SEMPOZYUM
KÜRESEL İNSAN HAKLARI SİYASETİ
- İnsani Trajediler, Değerler Yitimi ve Sistemsel Çöküş-
7 Aralık 2023
ANKARA
İnsanın bir hak süjesi olarak tanımlanmasının tarihsel arka planı, antik çağdan modern yüzyıla sistematik felsefenin kurucu isimlerinden düşünce ekollerine ve düşünürlerine varıncaya kadar uzanmaktadır. Bu düşünce serüveninin Orta çağdaki en parlak sözleşmesel metni olan Medine Vesikası, barış içinde birlikte yaşayabilmenin normatif çerçevesini çizen erken dönem sözleşme belgesi olarak karşımıza çıkmaktadır.
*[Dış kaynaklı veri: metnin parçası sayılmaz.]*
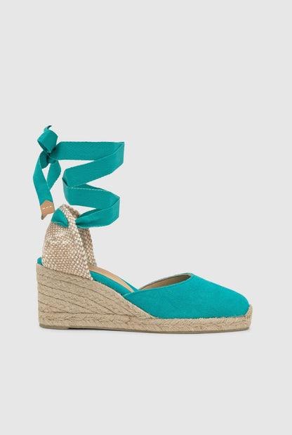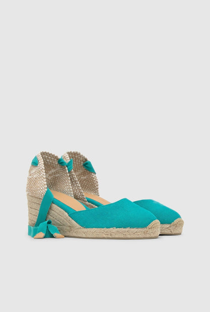 Carina, our iconic espadrilles, return as they do every season to become a timeless wardrobe essential. Crafted in Spain from certified organic cotton with a sustainable washed finish, the Carina espadrilles feature a rounded closed toe, lace-up fastening, 7cm wedge and vulcanised rubber sole.
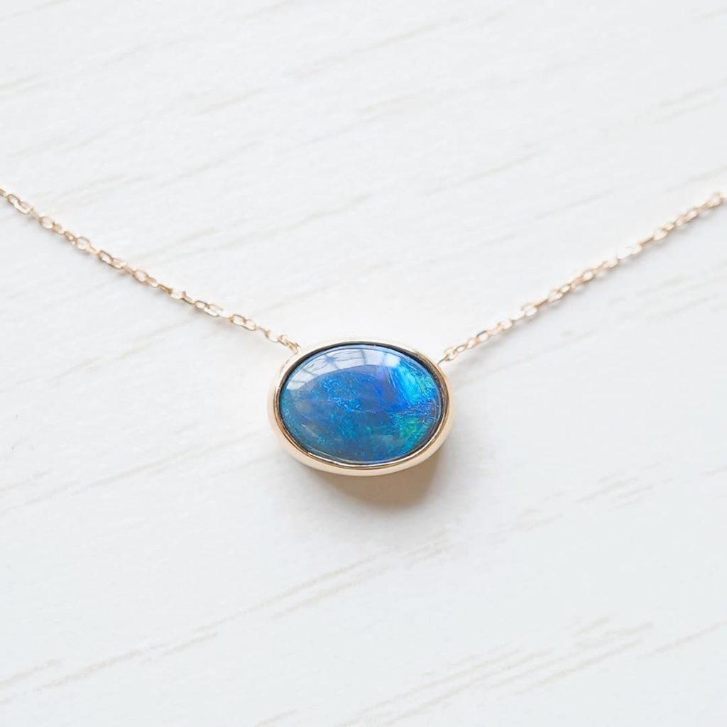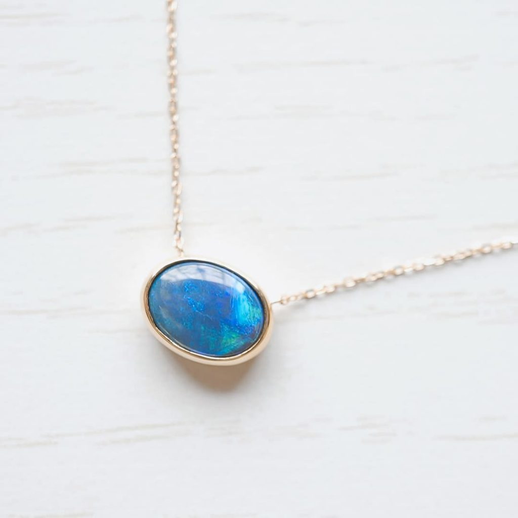 鮮やかな水色と薄い緑色が涼し気で可愛らしいブラックオパール。

Yine ilgili çağda Veda Hutbesi yaşama hakkı, mülkiyet hakkı, kişisel hak ve hürriyetler, özel hayatın gizliliği, eşitlik hakkı ve kadın haklarını bir söylem ve erdem etiği olarak evrensel bir dille kurarak insanı merkeze alan haklar sistematiğinin tarihsel birikimine esaslı bir katkı sunmuştur. Böylelikle insan hakları, farklı tarihsel dönemlerin değişen medeniyet havzalarında çeşitlenen kuramsal ve eylemsel müktesebat ile birikimsel olarak günümüze kadar ulaşmıştır.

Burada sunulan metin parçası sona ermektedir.